Spears was placed under a conservatorship in 2008 after a series of mental health episodes were captured by tabloid paparazzi who had hounded the singer, then a young mother of two.

The legal arrangement consisted of two parts, covering her finances and her person, including medical decisions.

Until this year, Spears rarely acknowledged that she was locked in an arrangement usually reserved for people with severe health problems and the incapacitated elderly.

For most of the conservatorship’s duration, her father, James “Jamie” Spears, was assigned as her conservator ― meaning he had the final say over her schedule, how often she could see her children, what vacations she took and even allegedly what she could have to eat or drink. According to one report, Jamie Spears’ control over his daughter’s life extended even to the color of her kitchen cabinets.
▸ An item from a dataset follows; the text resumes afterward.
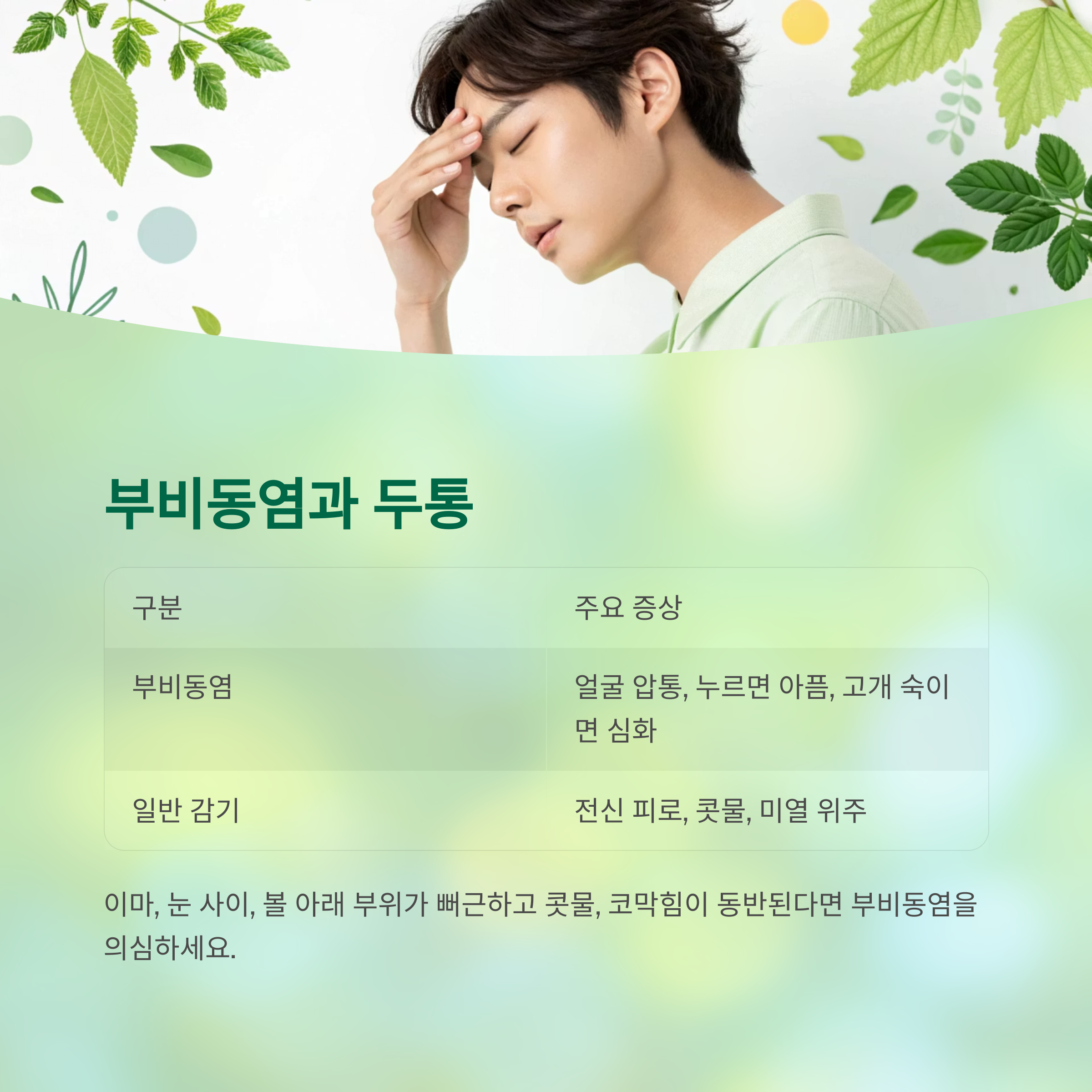 | 부비동염 | 얼굴 압통, 누르면 아픔, 고개 숙이면 심화 |

In court papers filed last week, Jamie Spears said he supported ending the conservatorship but defended its creation, saying it had been “necessary to protect Britney in every sense of the word” at a time when her “life was in shambles.”
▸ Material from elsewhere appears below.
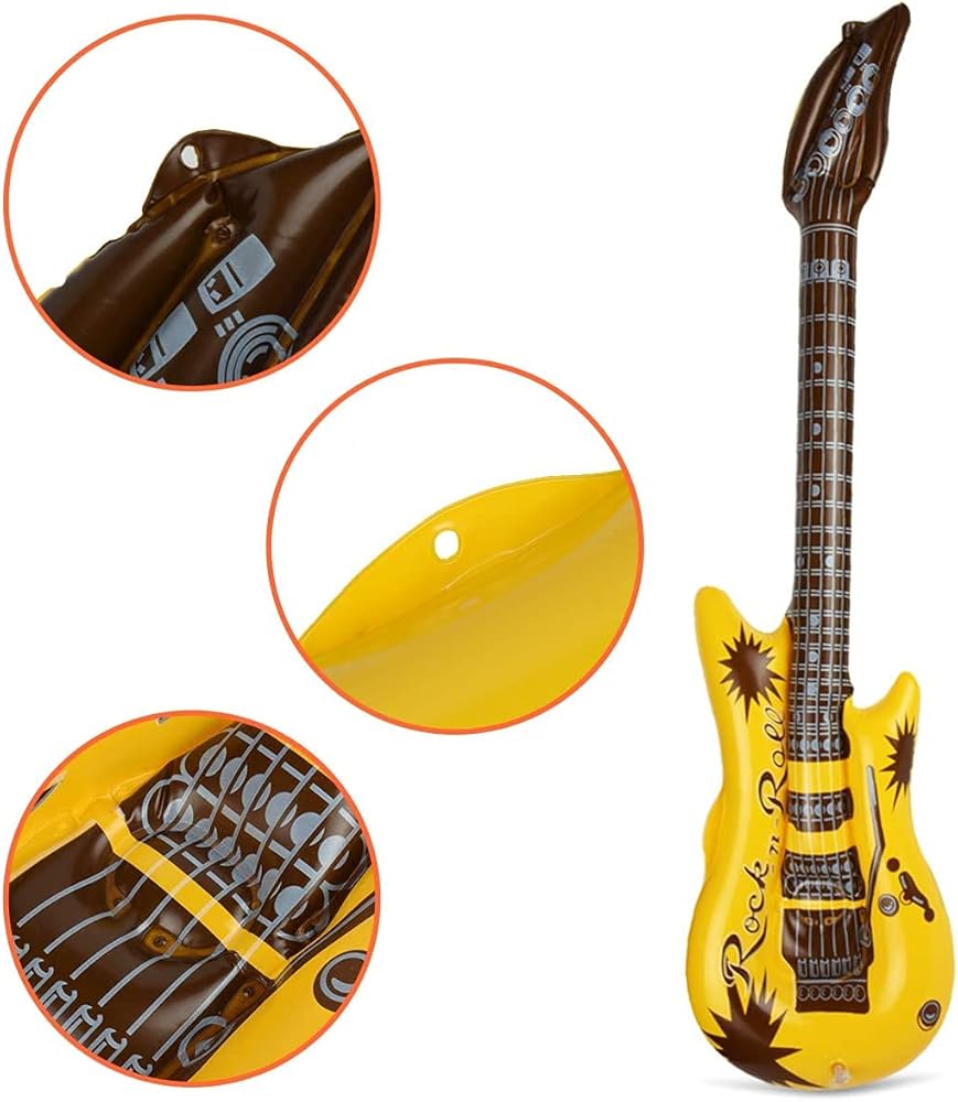 حجم رائع: الجيتار القابل للنفخ 91 سم/35.8 انش، لوحة المفاتيح القابلة للنفخ 57 سم/22.4 انش، الساكسفون القابل للنفخ 66 سم/25.9 انش، فهي قريبة من الحجم الحقيقي وأكبر من معظم الألعاب المشابهة الأخرى، أكثر جاذبية.. الاستخدام: مجموعات الجيتار القابلة للنفخ مثالية لحفلات أعياد الميلاد أو الزفاف أو الهالوين أو كرات الأزياء أو كدعائم لكابينة التصوير. الخ

The singer’s attorneys filed a 110-page document asking the court to depose her father in late October to unearth the full extent of how he exerted control over his celebrity daughter. A recent New York Times documentary alleged that the private security firm Jamie Spears hired to monitor his daughter’s movements and communications went so far as to set up audio recording in her bedroom ― a charge her father denies. His attorneys have consistently denied any wrongdoing over the course of the conservatorship.

This week’s pivotal decision by Los Angeles Superior Court Judge Brenda Penny came less than five months after Britney Spears condemned the conservatorship in shocking terms during a hearing she had requested in order to address the judge directly.

While concerned fans had been critical of Spears’ conservatorship for several years, often using the hashtag #FreeBritney, the late June hearing was the first time Spears herself had spoken openly about the situation and confirmed their fears. She called the arrangement “abusive” and slammed her family and attorneys for their parts in it.

“I’ve told the world I’m happy and OK,” Spears said at the time. “I’m traumatised. I’m not happy. I can’t sleep.”

She was particularly disparaging of her father, saying the conservatorship “has allowed my dad to ruin my life.”

Since then, life has changed dramatically for Spears, who turns 40 on December 2.

Penny allowed her to hire her own attorney for the first time, bringing entertainment lawyer Mathew Rosengart into the picture. Rosengart immediately pledged to do everything in his power to dissolve the conservatorship.

Jamie Spears initially pushed back on his daughter’s campaign for independence but eventually bowed to the mounting pressure. His attorneys filed a petition to dissolve the conservatorship in early September, although they maintain that Jamie has only ever had his daughter’s best interests at heart. By October, Penny had suspended Jamie Spears as conservator.

Attorneys for Britney Spears say that her father used his position to rake in millions for himself and people who managed her career. Jamie Spears and the singer’s mother, Lynn Spears, are still demanding that the court require their daughter to cover their enormous legal bills.

Britney Spears has begun to talk more about her life and her fractured relationship with her family since speaking her mind this summer.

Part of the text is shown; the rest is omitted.